**PROBLEM STATEMENT**: Starting with the line below that holds "Anstelle von Blumen" and stopping after the line that holds "在游戏场景里点击礼包,就能进", transcribe the lines exactly, leaving out all pictures.

**DATA SECTION**:

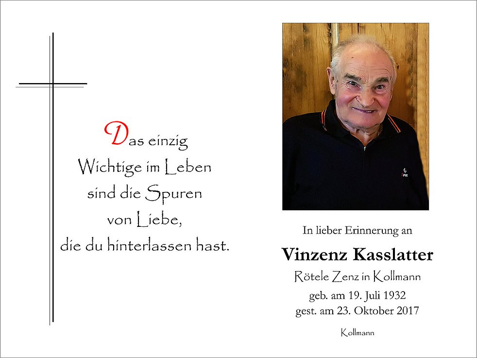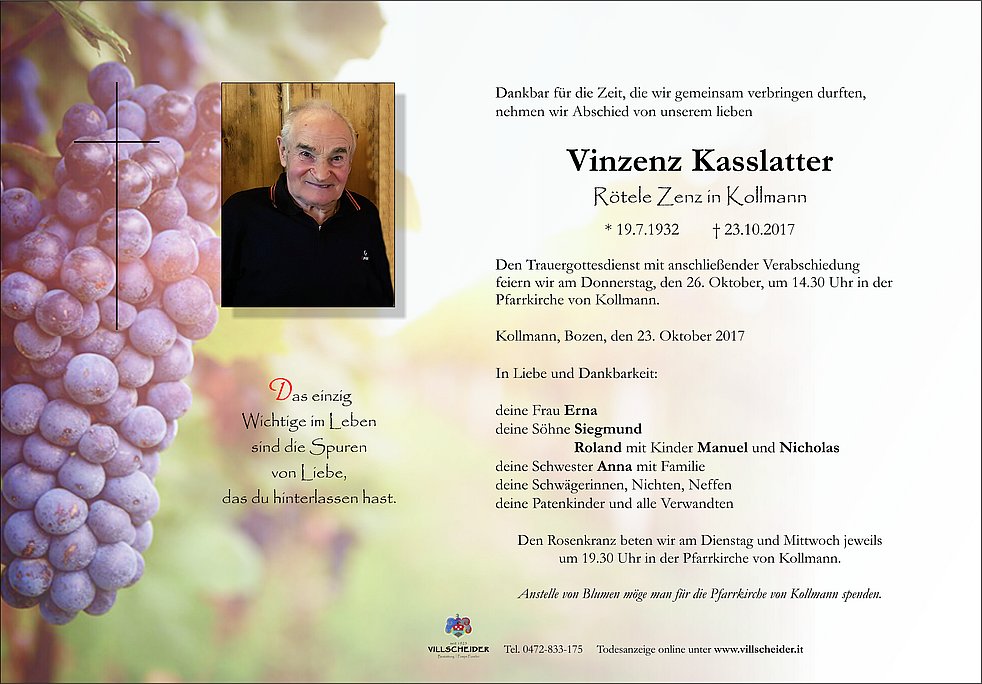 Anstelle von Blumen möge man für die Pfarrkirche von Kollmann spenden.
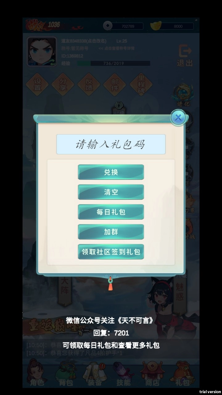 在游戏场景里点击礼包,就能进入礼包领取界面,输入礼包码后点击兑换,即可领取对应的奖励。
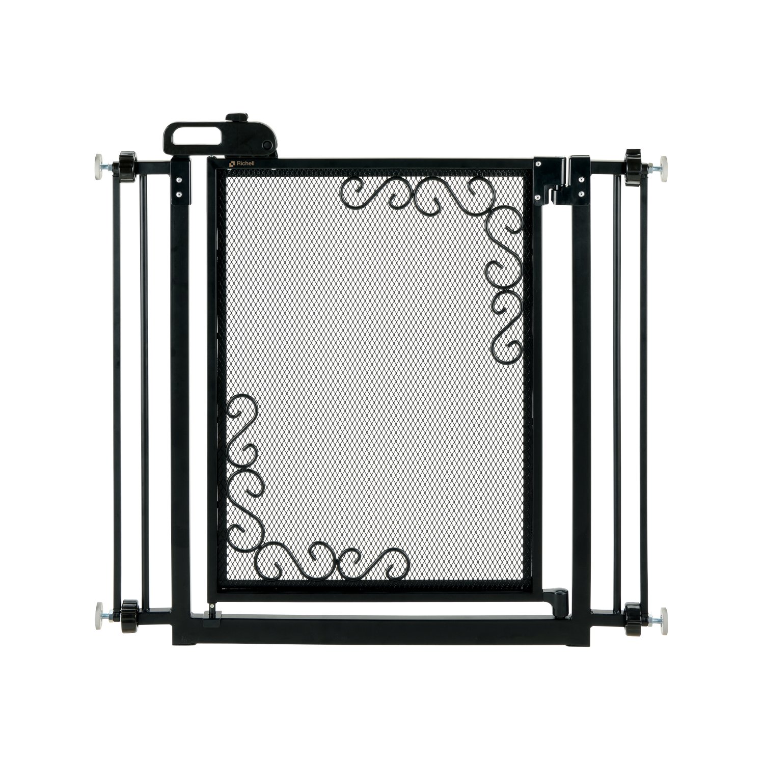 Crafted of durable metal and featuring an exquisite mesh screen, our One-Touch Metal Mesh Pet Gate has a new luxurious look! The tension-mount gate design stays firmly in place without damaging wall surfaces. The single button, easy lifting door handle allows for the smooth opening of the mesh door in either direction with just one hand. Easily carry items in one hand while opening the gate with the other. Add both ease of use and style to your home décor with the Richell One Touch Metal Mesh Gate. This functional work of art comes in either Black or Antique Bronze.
---
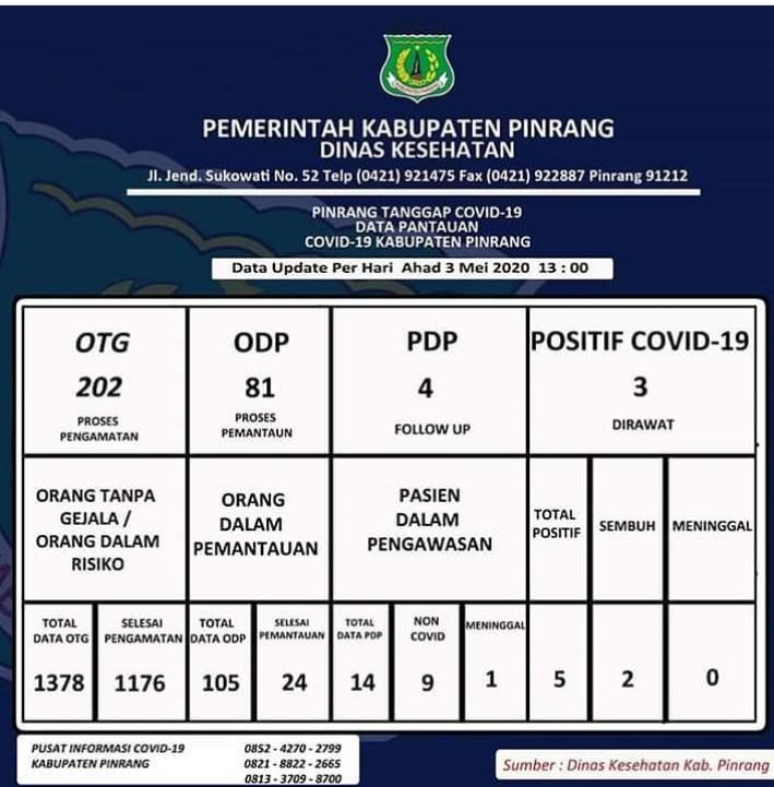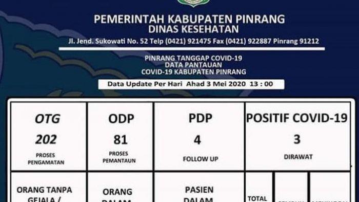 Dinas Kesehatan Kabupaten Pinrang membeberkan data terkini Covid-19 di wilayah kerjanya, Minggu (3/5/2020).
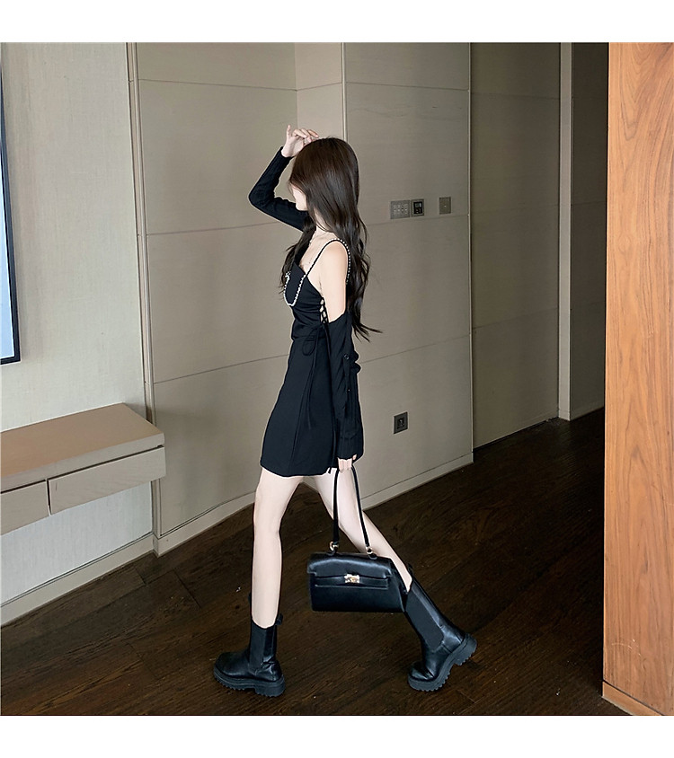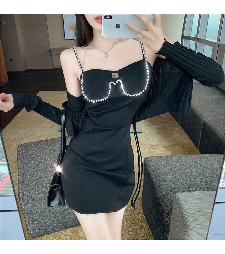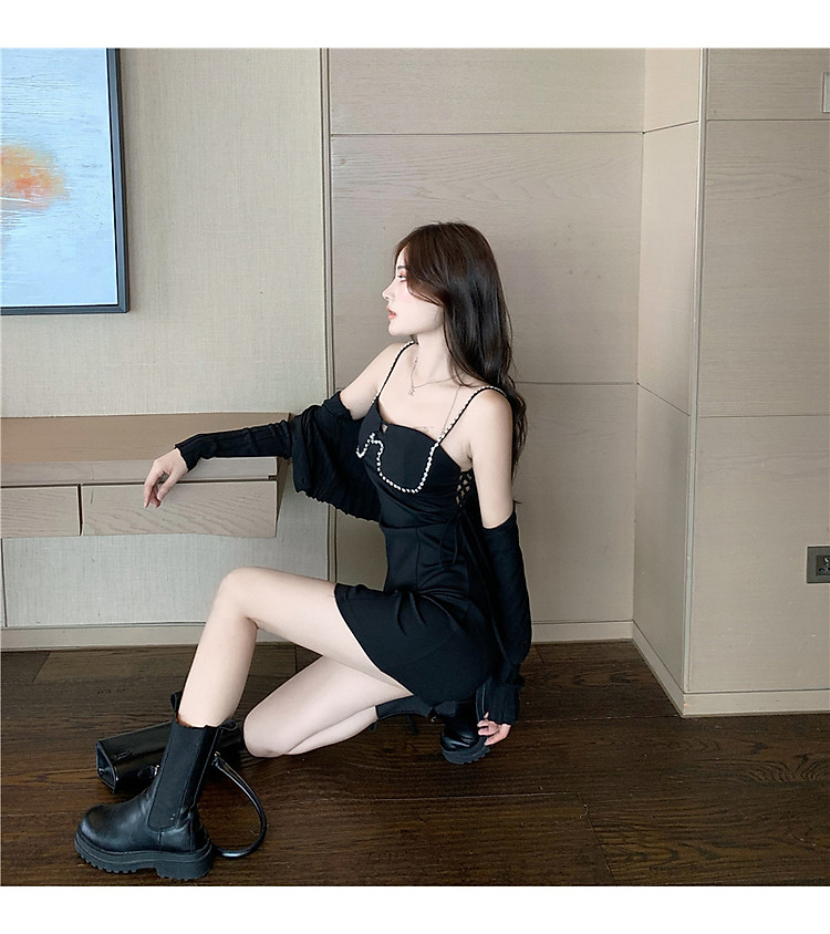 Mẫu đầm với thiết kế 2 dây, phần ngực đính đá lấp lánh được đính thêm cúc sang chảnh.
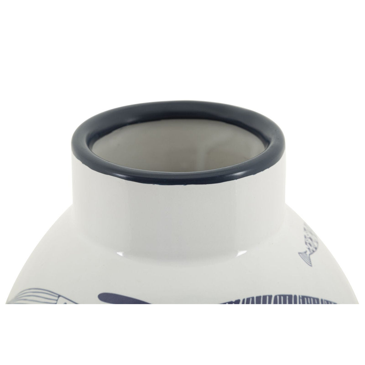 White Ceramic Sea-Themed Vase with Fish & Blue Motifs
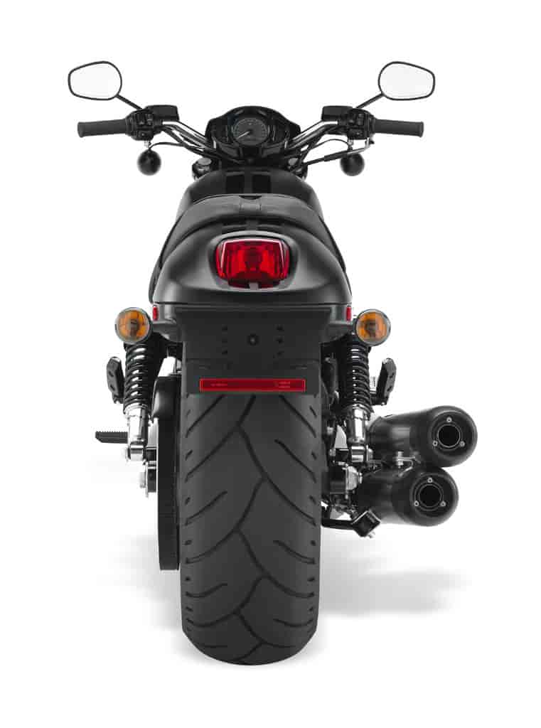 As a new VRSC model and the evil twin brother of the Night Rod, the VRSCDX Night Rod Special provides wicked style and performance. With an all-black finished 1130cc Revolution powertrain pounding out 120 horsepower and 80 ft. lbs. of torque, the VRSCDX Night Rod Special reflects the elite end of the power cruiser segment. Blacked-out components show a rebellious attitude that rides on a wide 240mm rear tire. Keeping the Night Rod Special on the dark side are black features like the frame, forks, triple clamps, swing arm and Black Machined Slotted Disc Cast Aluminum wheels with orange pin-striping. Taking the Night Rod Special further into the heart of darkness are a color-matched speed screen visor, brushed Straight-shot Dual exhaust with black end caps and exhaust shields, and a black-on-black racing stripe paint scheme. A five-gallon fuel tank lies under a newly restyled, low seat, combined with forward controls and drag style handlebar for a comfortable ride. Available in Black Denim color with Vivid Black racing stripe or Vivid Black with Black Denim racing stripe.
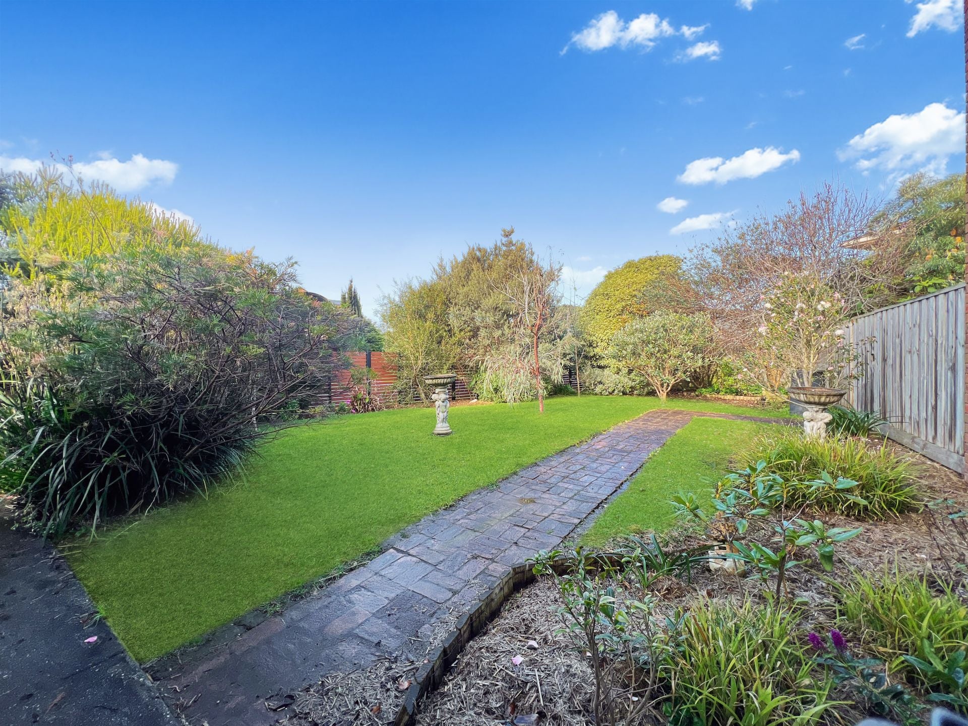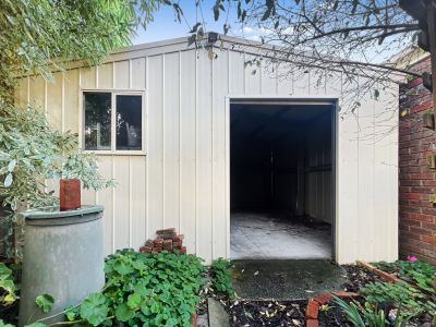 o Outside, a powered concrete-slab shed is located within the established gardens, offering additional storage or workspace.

**ANSWER AREA**:
 Anstelle von Blumen möge man für die Pfarrkirche von Kollmann spenden.
 在游戏场景里点击礼包,就能进入礼包领取界面,输入礼包码后点击兑换,即可领取对应的奖励。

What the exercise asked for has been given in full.